*EXERCISE GOAL*.
Please transcribe the lines below exactly, and leave every image behind.

*AVAILABLE DATA*.
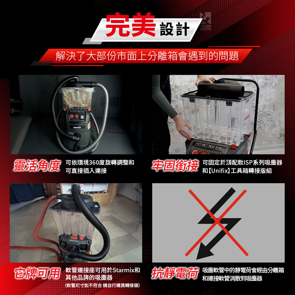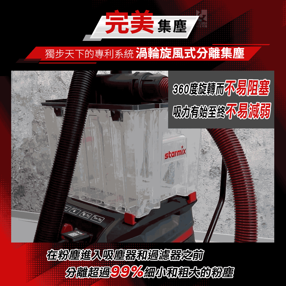 - 分離超過99%細小和粗大的粉塵
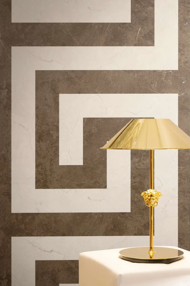 Luksusowa tapeta Versace VI inspirowana antyczną Grecją i symboliką domu mody Versace nadaje wnętrzu prestiżowy charakter. Wyróżnia się eleganckim, geometrycznym ornamentem greckiego klucza (meander) na tle imitującym naturalny kamień, marmur. Wykonana z materiałów najwyższej jakości, jest wyjątkowo trwała, łatwa w montażu i dopracowana w każdym detalu.
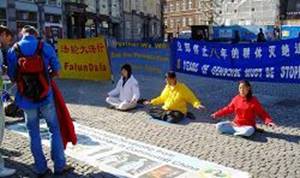 Les pratiquants danois ont déployé des bannières avec les mots "Falun Dafa est bon", " Donnons nous la main et mettons fin immédiatement à la persécution" et "Arrêtez immédiatement les huit ans de génocide." En même temps, des photos ont été exposées racontant la propagation de Falun Dafa dans le monde et comment les pratiquants sont torturés en Chine. Au son d'une paisible musique, quelques pratiquants faisaient la démonstration des cinq séries d'exercices et d'autres distribuaient une information aux passants. La scène pacifique et sereine a attiré beaucoup d'attention.
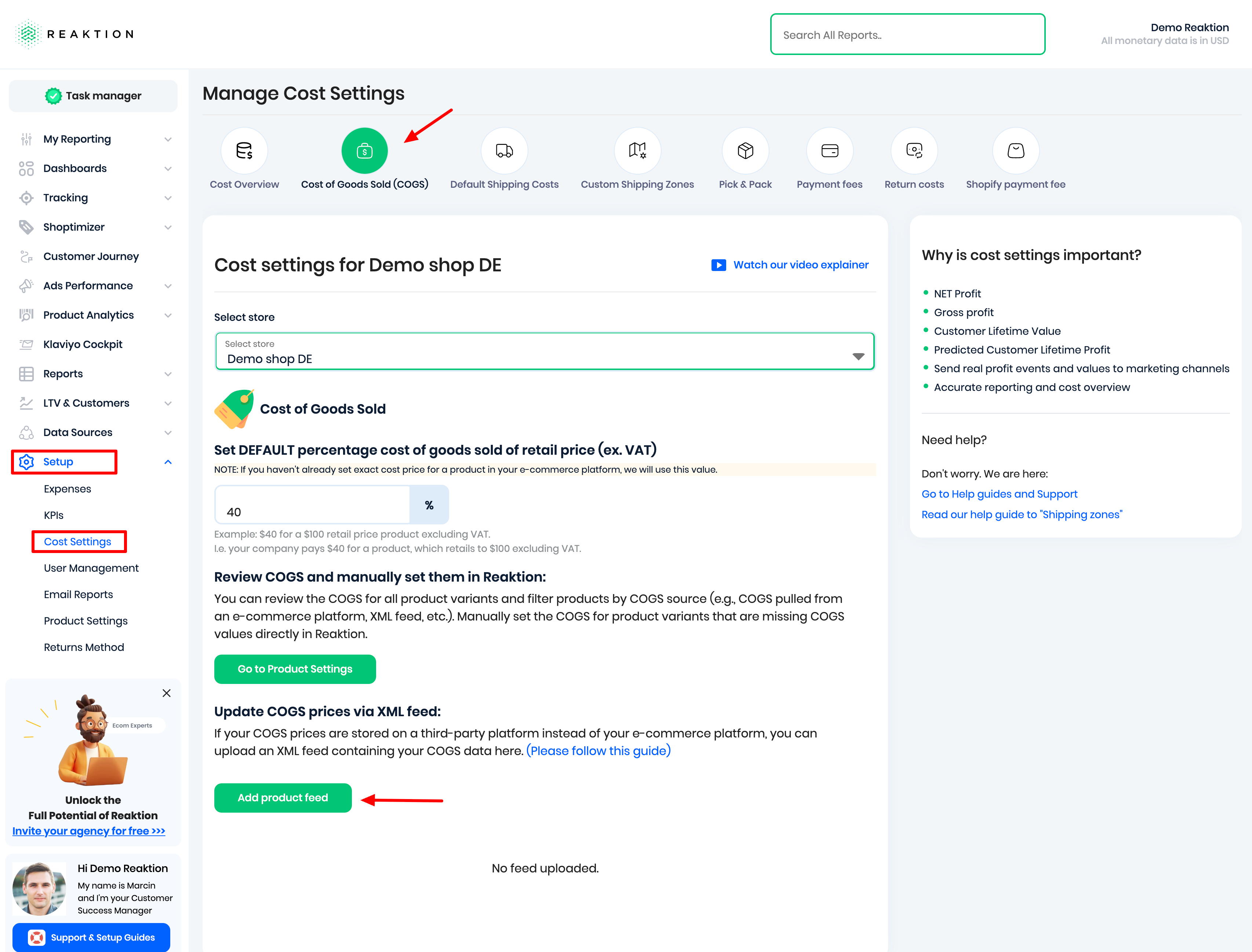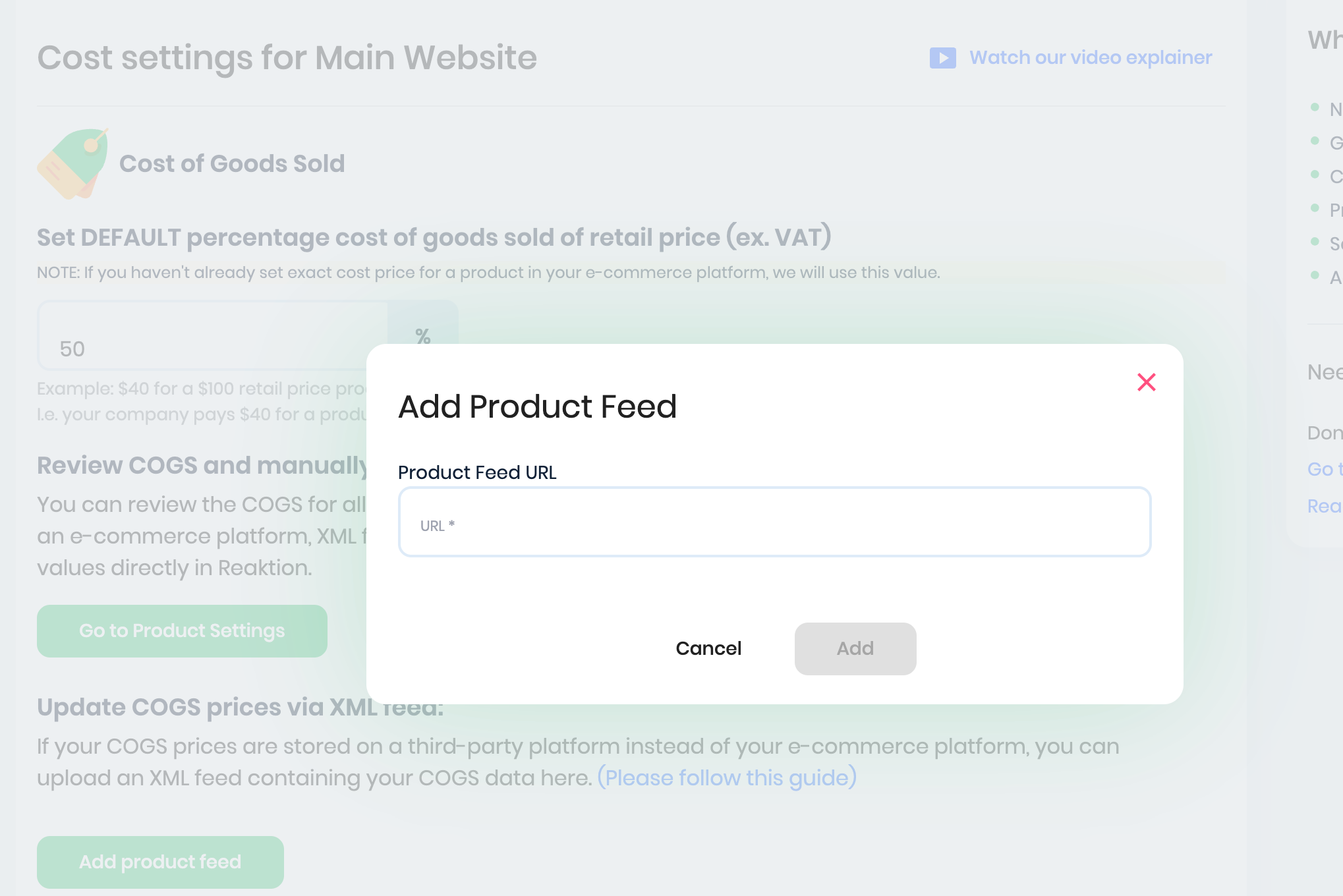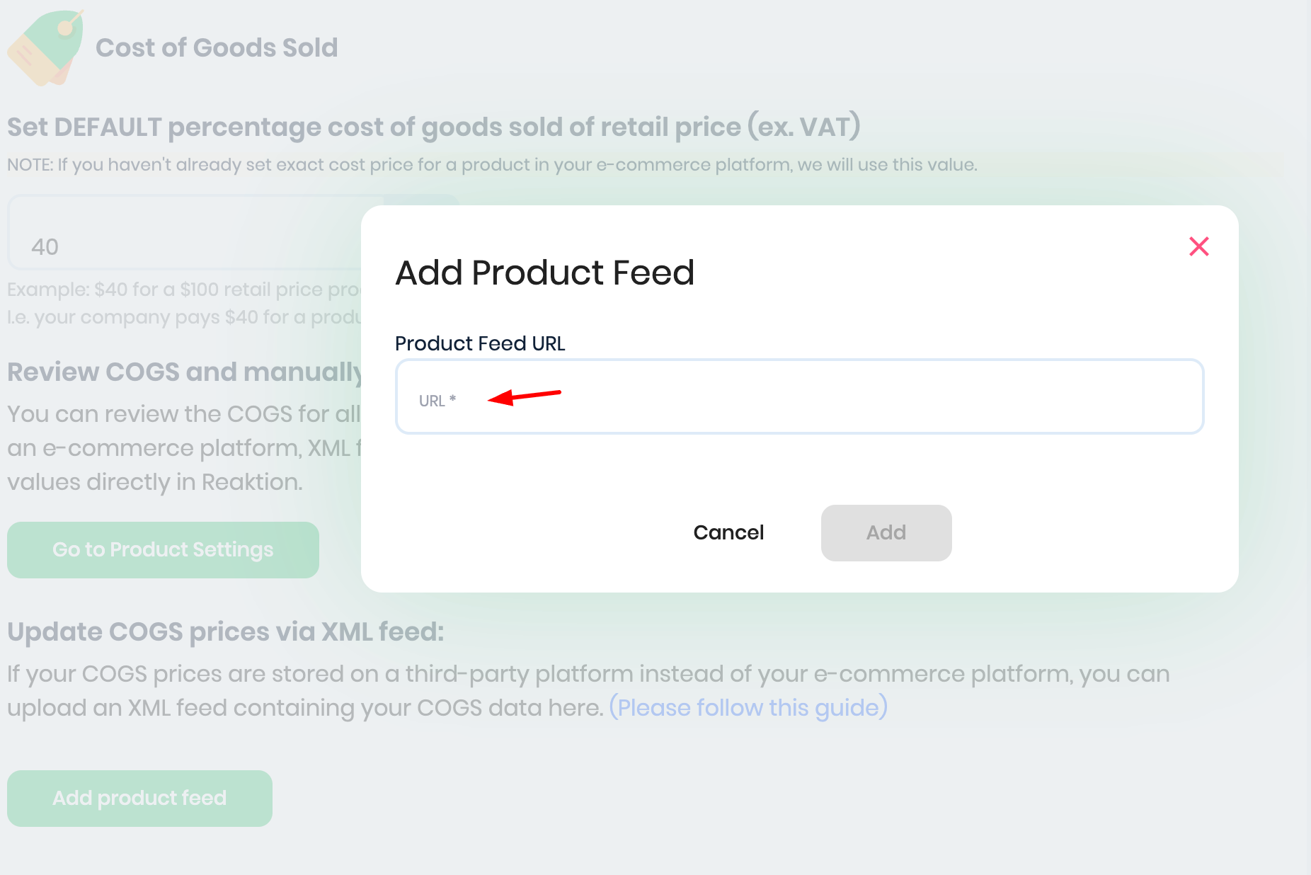 1. Log into Reaktion and navigate here: https://advertiser.reaktion.com/setup/cost-settings?step=1. Click on Setup > Cost Settings > Cost of Goods Sold (COGS) tab > 'Add product feed':

*EXERCISE RESULT*.
 - 分離超過99%細小和粗大的粉塵
 Luksusowa tapeta Versace VI inspirowana antyczną Grecją i symboliką domu mody Versace nadaje wnętrzu prestiżowy charakter. Wyróżnia się eleganckim, geometrycznym ornamentem greckiego klucza (meander) na tle imitującym naturalny kamień, marmur. Wykonana z materiałów najwyższej jakości, jest wyjątkowo trwała, łatwa w montażu i dopracowana w każdym detalu.
 Les pratiquants danois ont déployé des bannières avec les mots "Falun Dafa est bon", " Donnons nous la main et mettons fin immédiatement à la persécution" et "Arrêtez immédiatement les huit ans de génocide." En même temps, des photos ont été exposées racontant la propagation de Falun Dafa dans le monde et comment les pratiquants sont torturés en Chine. Au son d'une paisible musique, quelques pratiquants faisaient la démonstration des cinq séries d'exercices et d'autres distribuaient une information aux passants. La scène pacifique et sereine a attiré beaucoup d'attention.
 1. Log into Reaktion and navigate here: https://advertiser.reaktion.com/setup/cost-settings?step=1. Click on Setup > Cost Settings > Cost of Goods Sold (COGS) tab > 'Add product feed':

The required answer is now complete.